Archbishop Dominique Mamberti, Vatican's Secretary for Relations with States, spoke of the perceived hollowness of disarmament commitments by nations who continue to upgrade the nuclear weapons programs, Vatican radio reported.

 “Under the terms of the [1970] Non-Proliferation Treaty, states are enjoined to make ‘good faith’ efforts to negotiate the elimination of nuclear weapons,” Mamberti reminded delegates, “Can we say there is ‘good faith’ when modernization programs of the nuclear weapons states continue despite their affirmations of eventual nuclear disarmament?”

Said Mamberti: “Concern over the proliferation of nuclear weapons into other countries ring hollow as long as the nuclear weapons states hold on to their nuclear weapons.”

The doctrine of nuclear deterrence adopted by states with nuclear weapons is not working, Mamberti said. “For many years, the world has been told that a number of steps will lead eventually to nuclear disarmament. Such argumentation is belied by the extraordinary nature of today’s meeting, which surely would not have been called if the steps were working. They are not.”

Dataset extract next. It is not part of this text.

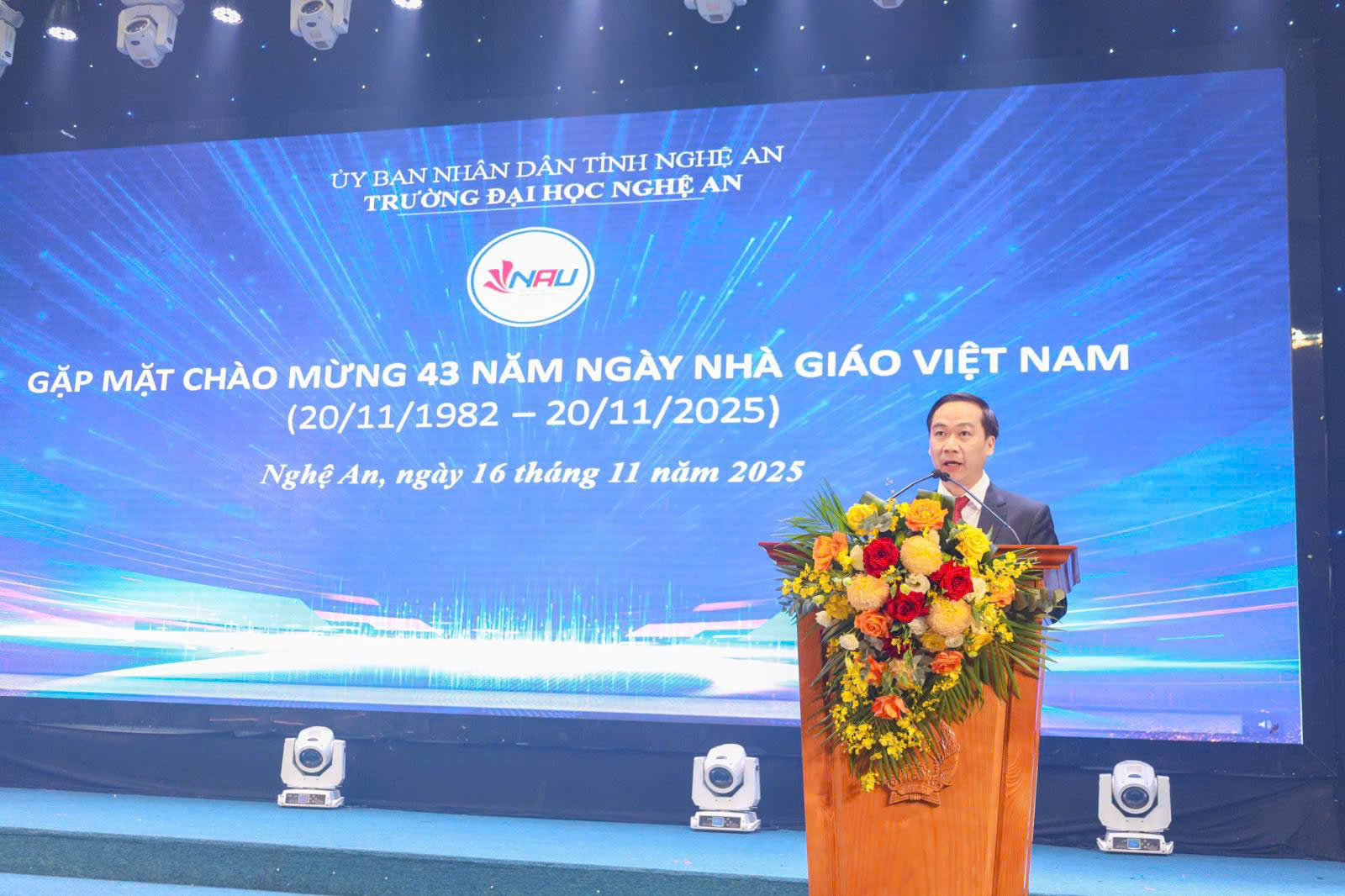 Trong không khí tri ân tháng 11, Trường Đại học Nghệ An đã long trọng tổ chức buổi Gặp mặt chào mừng 43 năm Ngày Nhà giáo Việt Nam. Đây là dịp để thầy và trò nhìn lại hành trình đáng tự hào của nghề giáo và gửi lời biết ơn sâu sắc tới các thế hệ nhà giáo đã cống hiến cho sự nghiệp “trồng người”.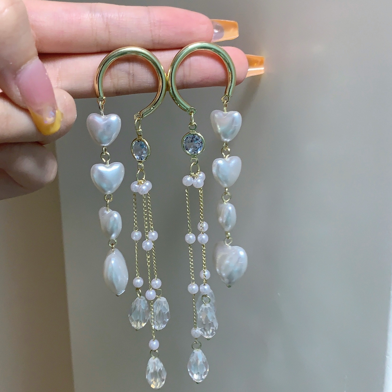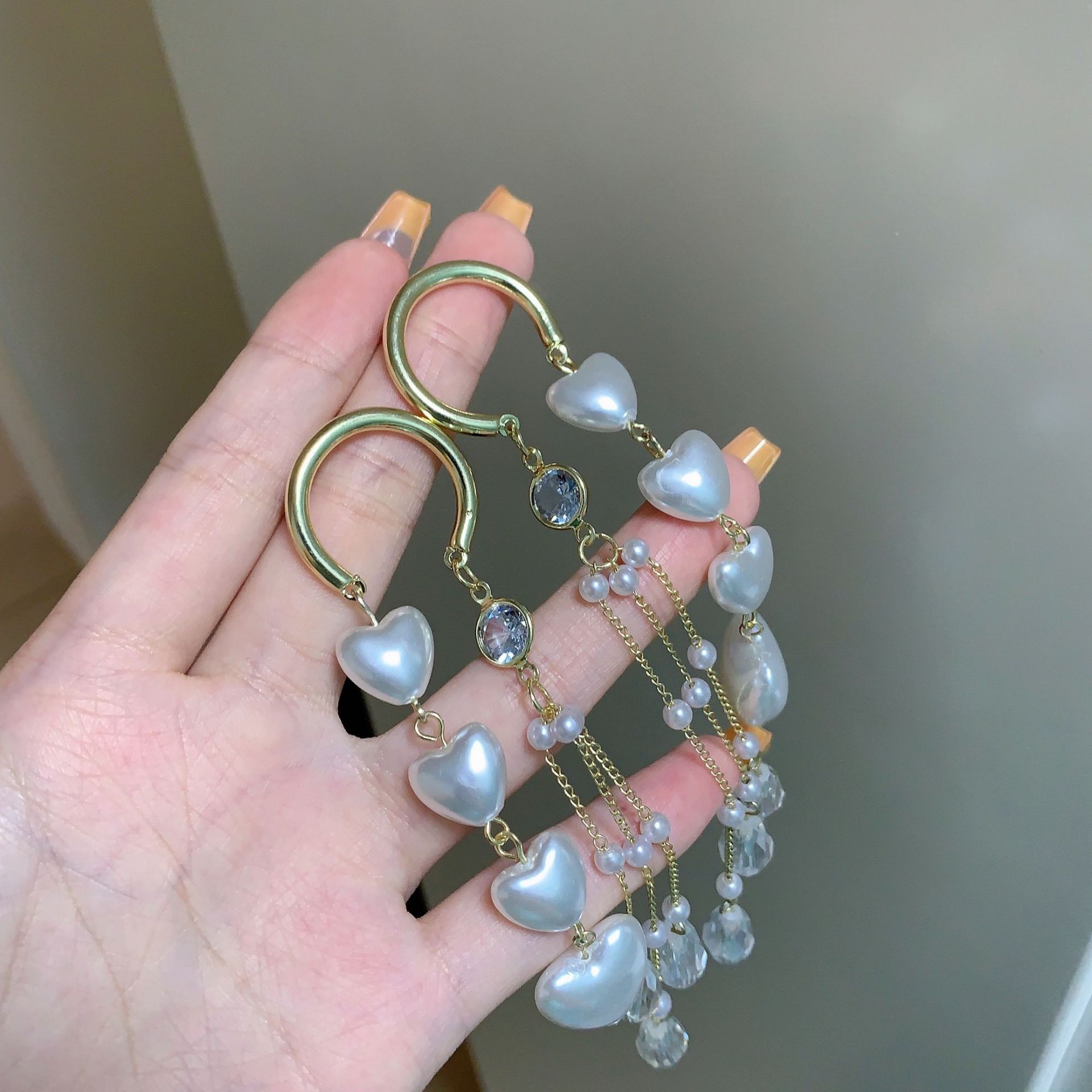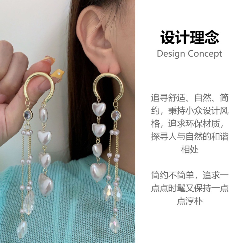复古水晶爱心欧美ins时尚高级感气质耳环女925银针珍珠流苏耳坠女 English | 投诉

“We cannot justify the continuation of a permanent nuclear deterrence policy,” he went on, “given the loss of human, financial and material resources in time of scarcity of funds for health, education and social services around the world and in the face of current threats to human security, such as poverty, climate change, terrorism and transnational crimes.

All this should make us consider the ethical dimension and the moral legitimacy of the production, processing, development, accumulation, use and threat of use of nuclear arms.”

Mamberti said that military doctrines based on nuclear arms “as instruments of security and defense of an élite group, in a show of power and supremacy, retard and jeopardize the process of nuclear disarmament and non-proliferation.”

The United States military maintains a nuclear arsenal of some 1,700 deployed strategic nuclear warheads, according to an April 2012 report under the New START treaty. These warheads are deployed on Intercontinental Ballistic Missiles, Submarine-Launched Ballistic Missiles, and Strategic Bombers.

The Departments of Defense and Energy currently spend approximately $31 billion per year to maintain and upgrade these systems, according to the non-profit and non-partisan Arms Control Association

U.S nuclear weapons modernization efforts fall into three categories, the group reports: the modernization of strategic delivery systems, the refurbishing of nuclear warheads and the modernization of production facilities.

U.S. nuclear delivery systems are undergoing continual modernization, including rebuilds of the Minuteman III ICBM and Trident II SLBM. The B-2 strategic bomber, a relatively new system, is being upgraded, as is the B-52H bomber. The Air Force is also planning a new long-range penetrating bomber and a new cruise missile to replace the air-launched Cruise missiles.

Meanwhile, the U.S. stockpile of nuclear warheads and bombs is continually refurbished and nuclear weapons production complexes are being modernized.

U.S. nuclear modernization programs are expected to cost some $80 billion in the next 10 years.